SEATTLE -- Abu Khalid Abdul-Latif, the SeaTac man who admitted plotting a terrorist attack on a Seattle military building in 2011, filed a motion in U.S. Federal Court Friday to have his 18-year sentence vacated.
In his handwritten filing, Abdul-Latif alleged his public defense attorneys "coerced" him in to a plea deal, kept evidence from him and failed to contact a witness he believed was "crucial" to his case.
Abdul-Latif was one of two men caught in an undercover sting buying guns and grenades from an informant. Defense attorneys claimed their client was entrapped by an informant who was paid $100,000. In addition, hundreds of text messages were deleted by the informant despite requests by federal prosecutors.
In his motion, Abdul-Latif claimed his lawyer "badgered and harassed me" into accepting a plea deal he did not want.

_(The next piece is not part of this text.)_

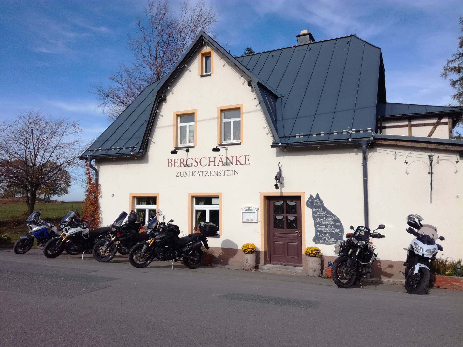 Wenn sich also die Vorhersagen nicht grundlegend ändern werden wir am Samstag 26.10. Mittags in der "Bergschänke zum Katzenstein" sein. Hätte denn nicht vielleicht der ein oder andere Lust, sich da mit uns zu treffen? Danach könnte man ja gemeinsam ne kleine Runde durchs Erzgebirge drehen. Gerne auch schon mit gemeinsamer Hinfahrt.

He also contended his legal team "quit working" for him.
Abdul-Latif also wrote he never saw a large portion of the evidence against him until after accepting his plea, and that a "crucial" witness was never contacted.
That witness is Faheem Saddiq, who volunteers in local prisons with the Washington Islamic Chaplain Organization. Saddiq was told by the main informant in the case, Robert Childs, that Abdul-Latif was set up and "asked for it."
Tuesday, Saddiq denied any such conversation.
"The only thing Mr. Childs told me was that he'd been involved with law enforcement in trying to stop [the attack] from happening," Saddiq told KING 5.
"Why would he even divulge that to me," he continued, "It makes no sense."
Federal defender Jennifer Wellman said Tuesday she could not comment on her former client's filing, only to say the office is no longer working with Abdul-Latif.